EXERCISE DATA:
•••
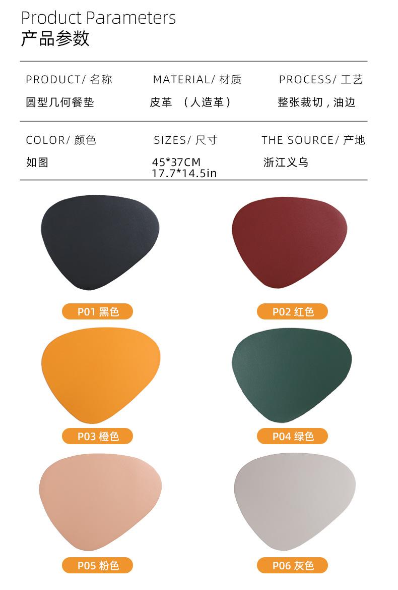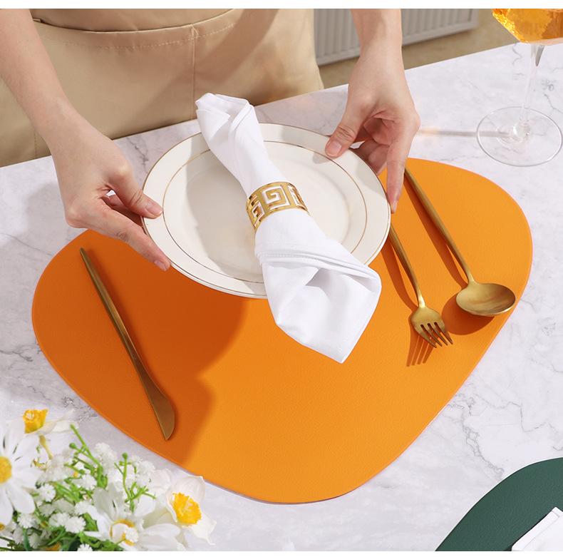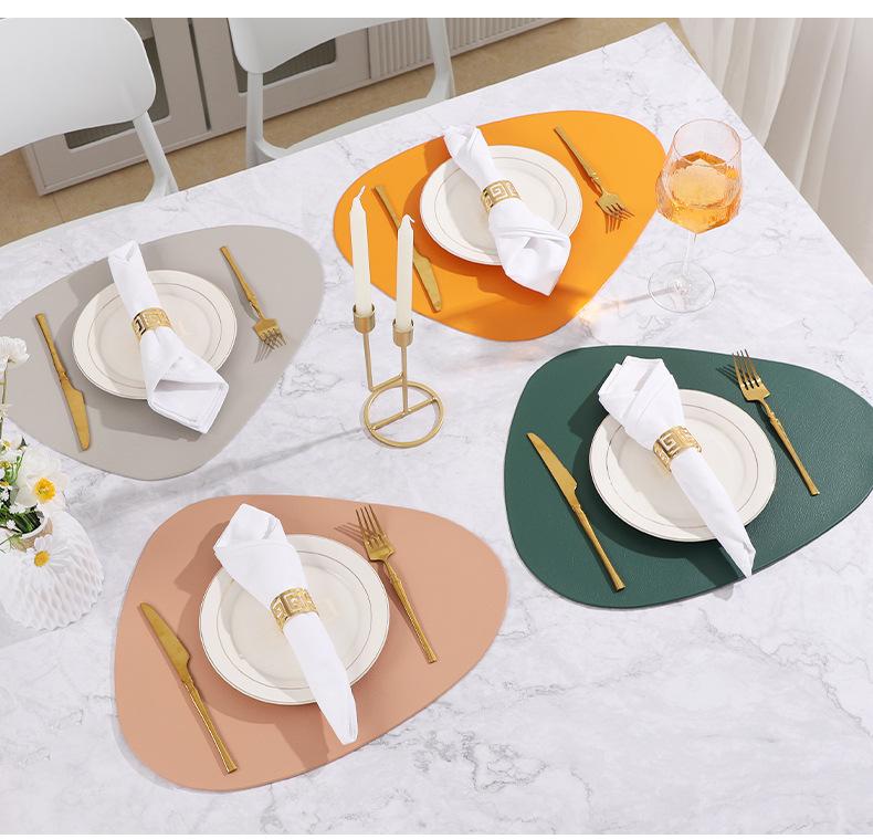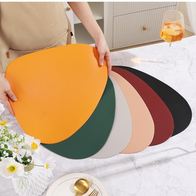 Mantel Individual Transfronterizo Más Vendido Forma de Huevo Cuero Mantel para Comida Occidental Estilo Ins Simple de Alta Gama Hotel Aislamiento Anti-Escaldaduras Mantel para Comida Occidental
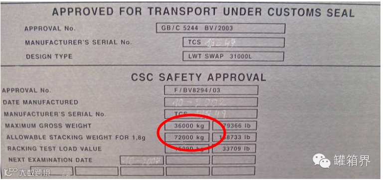 铭牌上有着非常重要的信息,提供安全操作罐箱的帮助。如上图所示,我们可以在图片中上找到最大毛重为34000kg;下图为swap罐箱的铭牌,其上显示的最大载重为36000KG.第二行显示的就是允许堆叠重量为72000kg。
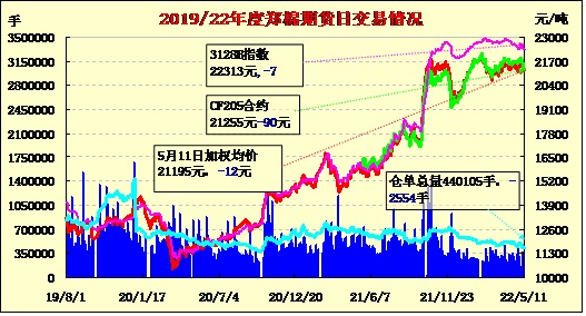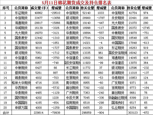5月11日,隔夜鄭棉增倉下探,今日早盤在空頭回補盤支撐下回穩(wěn),午后上沖回落,日線形成小陽線。日內(nèi)成交量萎縮,持倉量略有減少。
•••
INSTRUCTIONS FOR THE TASK:
Pictures are not part of the copy. Restate everything else in the listing word for word.

SOLUTION FOR THIS PROBLEM:
 Mantel Individual Transfronterizo Más Vendido Forma de Huevo Cuero Mantel para Comida Occidental Estilo Ins Simple de Alta Gama Hotel Aislamiento Anti-Escaldaduras Mantel para Comida Occidental
 铭牌上有着非常重要的信息,提供安全操作罐箱的帮助。如上图所示,我们可以在图片中上找到最大毛重为34000kg;下图为swap罐箱的铭牌,其上显示的最大载重为36000KG.第二行显示的就是允许堆叠重量为72000kg。
5月11日,隔夜鄭棉增倉下探,今日早盤在空頭回補盤支撐下回穩(wěn),午后上沖回落,日線形成小陽線。日內(nèi)成交量萎縮,持倉量略有減少。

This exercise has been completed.